Table of Contents
- DMR Approach and Interpretation
- The Design Matrix and Covariates
DMR Approach and Interpretation
The main statistical approach applied by the executable script located in the
exec folder is
dmrseq::dmrseq(), which identifies DMRs in a two step approach:
- DMR Detection: The differences in CpG methylation for the effect of interest are pooled and smoothed to give CpG sites with higher coverage a higher weight, and candidate DMRs with a difference between groups are assembled.

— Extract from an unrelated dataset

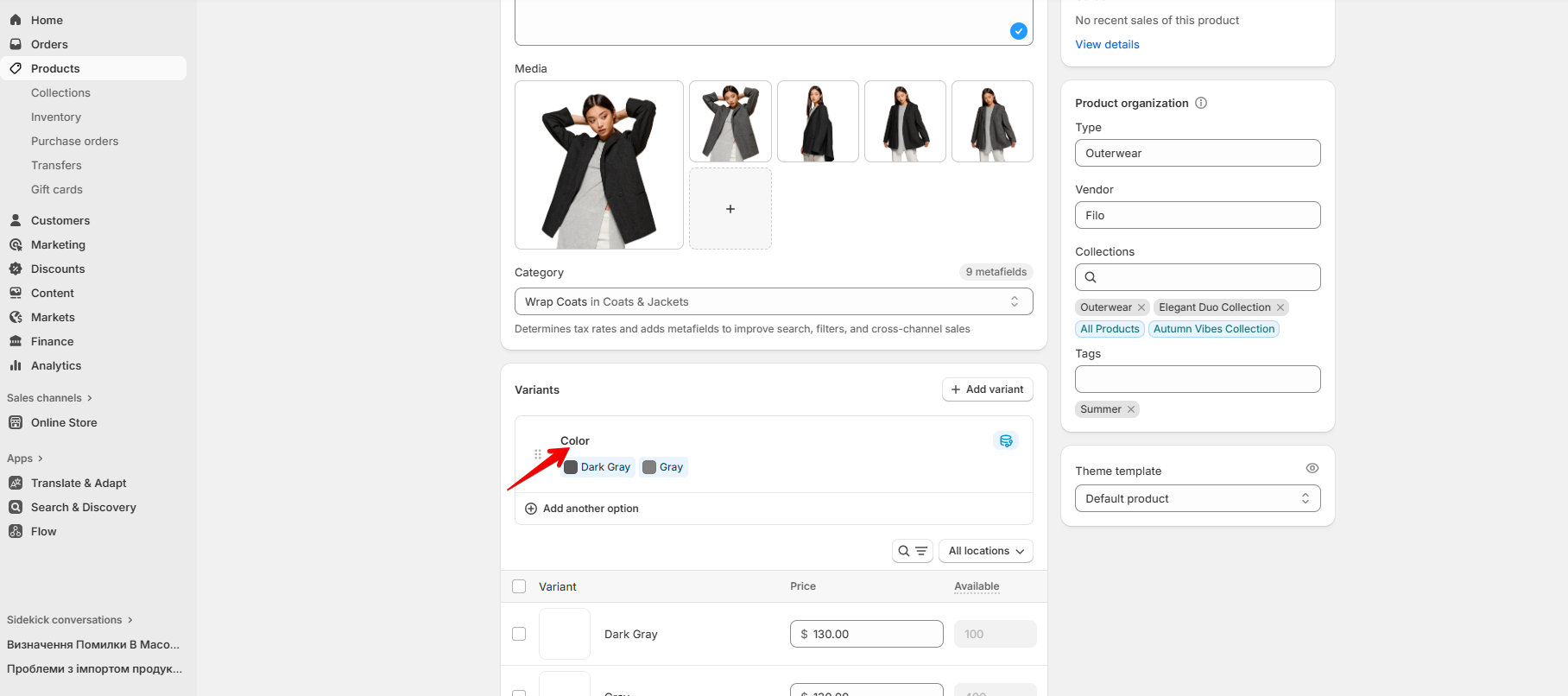 Path: Shopify Dashboard/Products/Products detail page/Variants section/Add variant

- Statistical Analysis: A region statistic for each DMR, which is comparable across the genome, is estimated via the application of a generalized least squares (GLS) regression model with a nested autoregressive correlated error structure for the effect of interest. Then, permutation testing of a pooled null distribution enables the identification of significant DMRs This approach accounts for both inter-individual and inter-CpG variability across the entire genome.
The main estimate of a difference in methylation between groups is not a fold change but rather a beta coefficient, which is representative of the average effect size; however, it is on the scale of the arcsine transformed differences and must be divided by π (3.14) to be similar to the mean methylation difference over a DMR, which is provided in the
percentDifference column. Since the testing is permutation based, it provides empirical p-values as well as FDR corrected q-values.
One of the key differences between
dmrseq and other DMR identification packages, like
bsseq, is that
dmrseq is performing statistical testing on the DMRs themselves rather than testing for differences in single CpGs that are then assembled into DMRs like
bsseq::dmrFinder() does. This unique approach helps with controlling the false discovery rate and testing the correlated nature of CpG sites in a regulatory region, while also enabling complex experimental designs. However, since
dmrseq::dmrseq() does not provide individual smoothed methylation values,
bsseq::BSmooth() is utlized to generate individual smoothed methylation values from the DMRs. Therefore, while the DMRs themselves are adjusted for covariates, the indvidual smoothed methylation values for these DMRs are not adjusted for covaraites.
You can also read my general summary of the drmseq approach on EpiGenie.
Example DMR Each dot represents the methylation level of an individual CpG in a single sample, where the size of the dot is representative of coverage. The lines represent smoothed methylation levels for each sample, either control (blue) or DS (red). Genic and CpG annotations are shown below the plot.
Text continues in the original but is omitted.